**** DATA FOR THIS EXERCISE ****
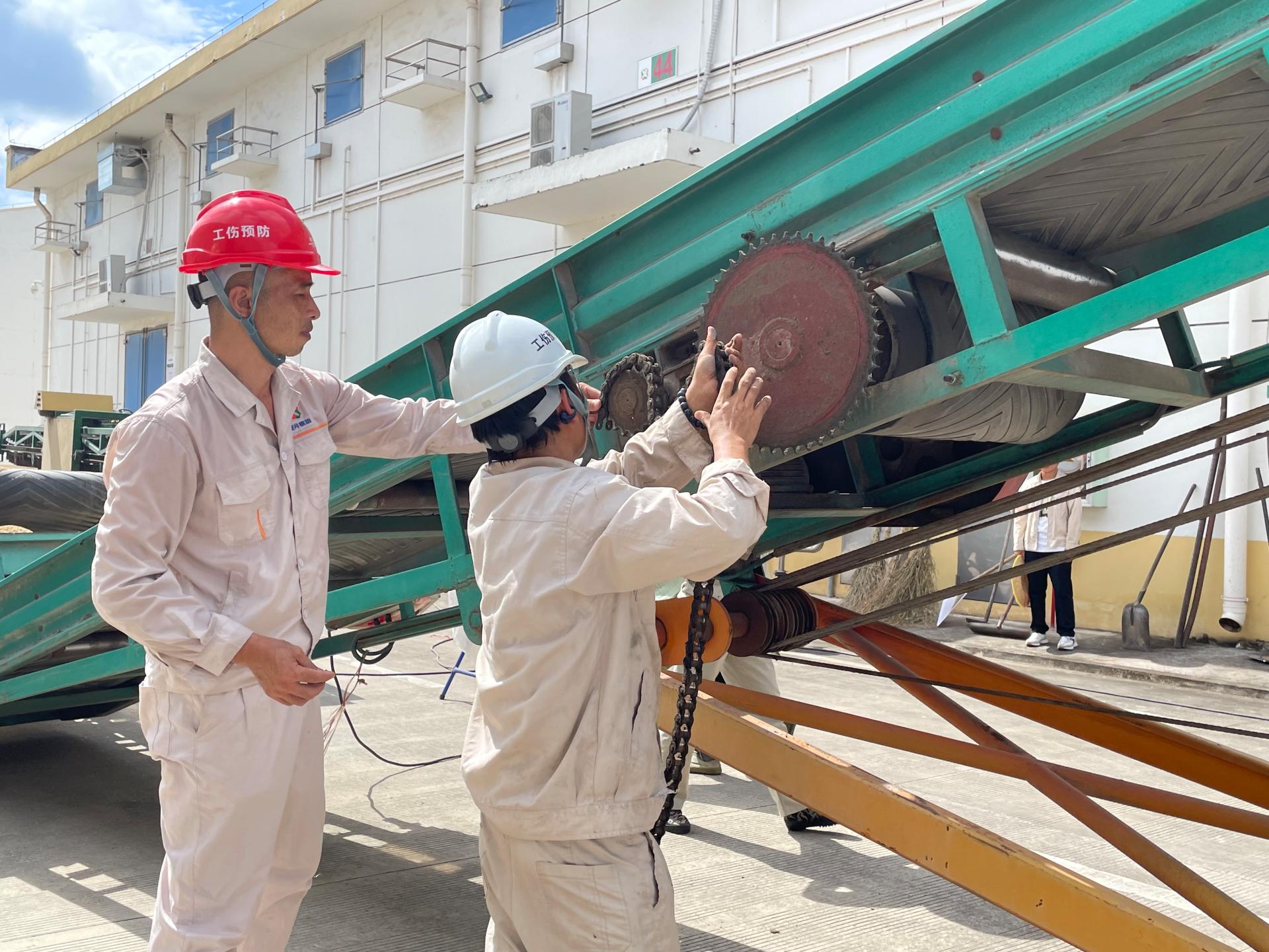 唐國強(qiáng)和同事們調(diào)整入糧設(shè)備位置
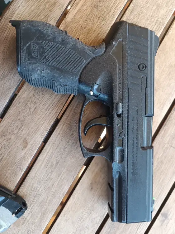 Le grip de la poignée à du vécu mais ne gêne en rien le fonctionnement du pistolet.
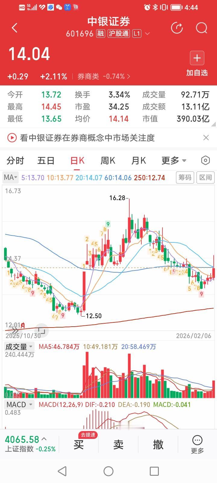 中银证券,今天收盘上涨2.11%,收盘价14.04元,涨幅居券商股涨幅排行榜第一名。 中银证券今天股价走势有两个特点: 1、股价最高冲到14.45元,一度冲上了60日均线,但冲高回落,没有有效站上60日线。 2、中银证券今天成交金额温和放大到13.11亿,也算带量上涨。 应该说中银证券走势还算强势,目前有不少头部券商股已经跌破年线,或者股价在年线附近挣扎,而中银证券目前股价远高于年线12.74元。 中银证券似乎有探底成功,股价率先回升向好之势。
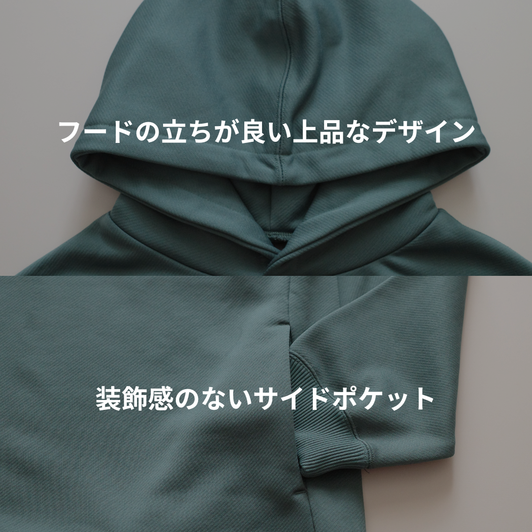 子供っぽくなりがちなパーカーですが、素材やシルエットを工夫することで、大人も着やすいきれいめカジュアルなアイテムになりました!ラフすぎるのが苦手な方にも一度お試し頂きたいです!
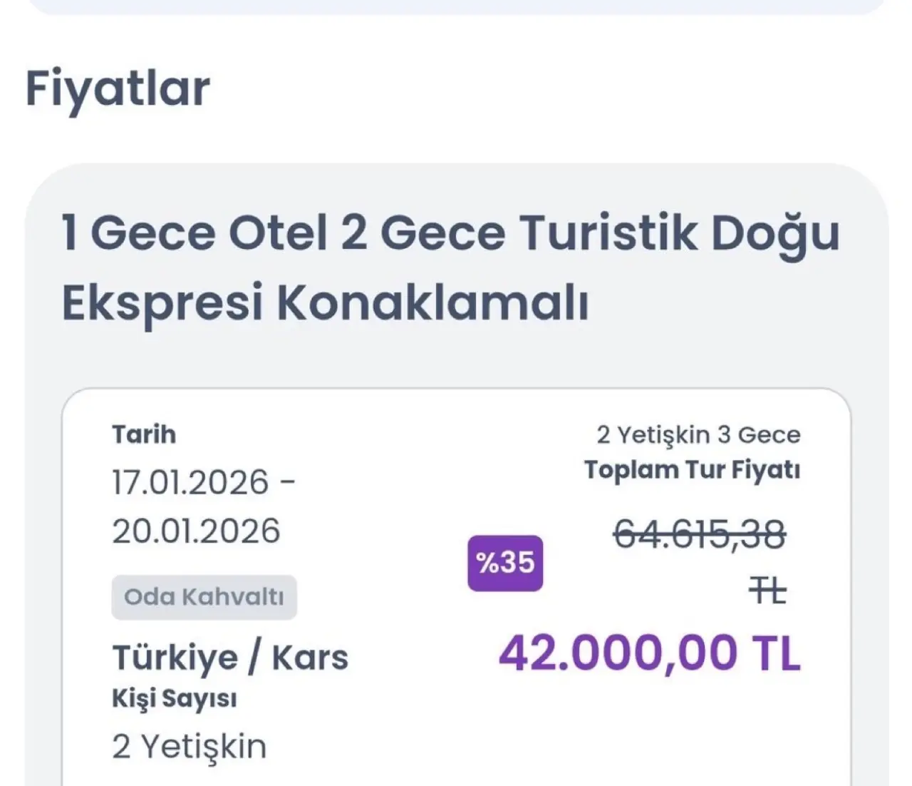 Turistik Doğu Ekspresi'nin kış sezonu seferleri 22 Aralık'ta başlıyor. Gidiş dönüş tren bileti, 1 gece konaklama iki kişi için 42.000 TL olarak belirlenirken çok sayıda sosyal medya kullanıcısı bu duruma tepki gösterdi.
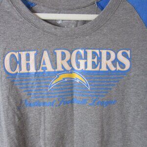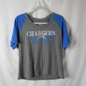 NFL Team Los Angeles Chargers T Shirt Gray Blue Glitter Crew Size Large NWT
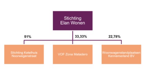 Het schema hieronder geeft een overzicht van de aan stichting Elan Wonen verbonden rechtspersonen.
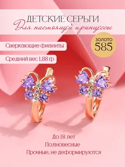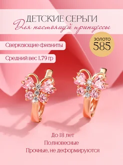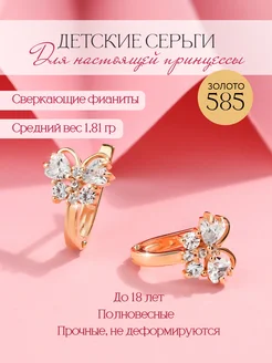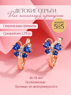 Элитные золотые серьги 585 "Бабочки" для девочки
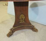 modern reproduction, multi grained design, Mahogany Finish, claw feet, 30"h., 40"dia. modern reproduction, multi grained design, Mahogany Finish, claw feet, 30"h., 40"dia.
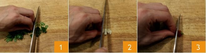 To prepare spaghetti with beans and mussels, start by preparing the mixture for the sauté. Wash and chop a sprig of parsley 1, then peel the garlic clove and chop it 2, then trim the chili pepper to remove the green part 3 and slice it finely.
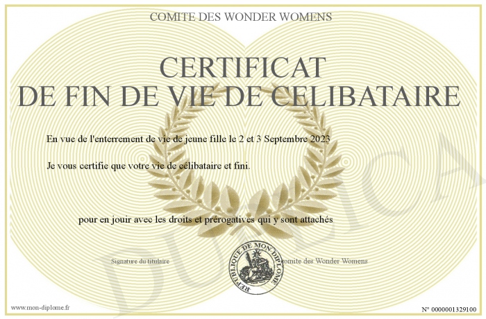 Envoyez par email votre certificat de fin de vie de célibataire personalisé
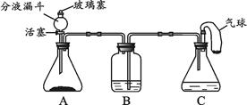 (5分)化学小组同学用下图所示装置(夹持仪器已略去)做兴趣实验。分液漏斗及C装置中所盛放的溶液相同,B、C装置中盛放的溶液足量,气球中装有少量的白色固体粉末。![]()
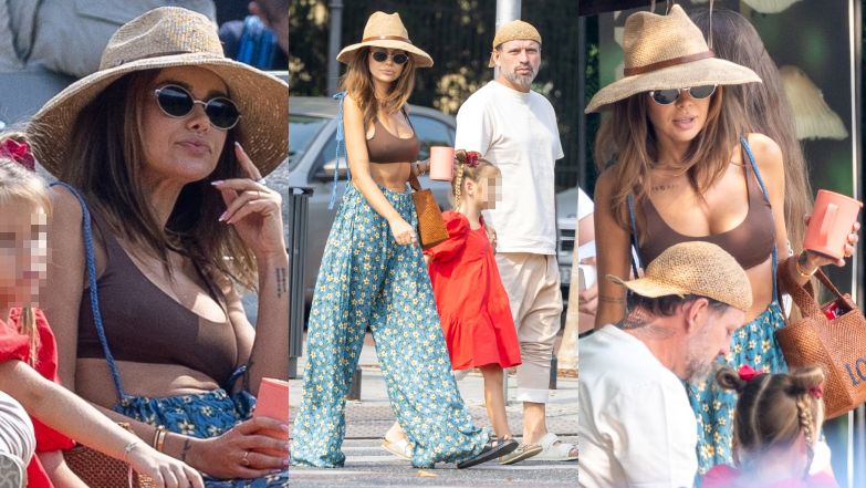 Tego dnia 41-latka miała na sobie letnią stylizację, na którą składały się niebieskie kwieciste szerokie spodnie, obcisły brązowy top, kapelusz oraz klapki. Jej mąż z kolei postawił na beże, a córka miała na sobie czerwoną sukienkę.
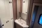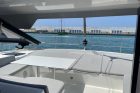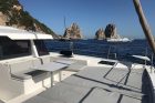 All’esterno, il flybridge è uno dei più ampi della categoria e si configura come un vero living sul mare, mentre le aree di prua e poppa garantiscono continuità e facilità di utilizzo degli spazi.
****
TASK:
From the material above, copy everything exactly but the pictures.

RESPONSE TO THIS EXERCISE:
 唐國強(qiáng)和同事們調(diào)整入糧設(shè)備位置
 Le grip de la poignée à du vécu mais ne gêne en rien le fonctionnement du pistolet.
 中银证券,今天收盘上涨2.11%,收盘价14.04元,涨幅居券商股涨幅排行榜第一名。 中银证券今天股价走势有两个特点: 1、股价最高冲到14.45元,一度冲上了60日均线,但冲高回落,没有有效站上60日线。 2、中银证券今天成交金额温和放大到13.11亿,也算带量上涨。 应该说中银证券走势还算强势,目前有不少头部券商股已经跌破年线,或者股价在年线附近挣扎,而中银证券目前股价远高于年线12.74元。 中银证券似乎有探底成功,股价率先回升向好之势。
 子供っぽくなりがちなパーカーですが、素材やシルエットを工夫することで、大人も着やすいきれいめカジュアルなアイテムになりました!ラフすぎるのが苦手な方にも一度お試し頂きたいです!
 Turistik Doğu Ekspresi'nin kış sezonu seferleri 22 Aralık'ta başlıyor. Gidiş dönüş tren bileti, 1 gece konaklama iki kişi için 42.000 TL olarak belirlenirken çok sayıda sosyal medya kullanıcısı bu duruma tepki gösterdi.
 NFL Team Los Angeles Chargers T Shirt Gray Blue Glitter Crew Size Large NWT
 Het schema hieronder geeft een overzicht van de aan stichting Elan Wonen verbonden rechtspersonen.
 Элитные золотые серьги 585 "Бабочки" для девочки
 modern reproduction, multi grained design, Mahogany Finish, claw feet, 30"h., 40"dia. modern reproduction, multi grained design, Mahogany Finish, claw feet, 30"h., 40"dia.
 To prepare spaghetti with beans and mussels, start by preparing the mixture for the sauté. Wash and chop a sprig of parsley 1, then peel the garlic clove and chop it 2, then trim the chili pepper to remove the green part 3 and slice it finely.
 Envoyez par email votre certificat de fin de vie de célibataire personalisé
 (5分)化学小组同学用下图所示装置(夹持仪器已略去)做兴趣实验。分液漏斗及C装置中所盛放的溶液相同,B、C装置中盛放的溶液足量,气球中装有少量的白色固体粉末。![]()
 Tego dnia 41-latka miała na sobie letnią stylizację, na którą składały się niebieskie kwieciste szerokie spodnie, obcisły brązowy top, kapelusz oraz klapki. Jej mąż z kolei postawił na beże, a córka miała na sobie czerwoną sukienkę.
 All’esterno, il flybridge è uno dei più ampi della categoria e si configura come un vero living sul mare, mentre le aree di prua e poppa garantiscono continuità e facilità di utilizzo degli spazi.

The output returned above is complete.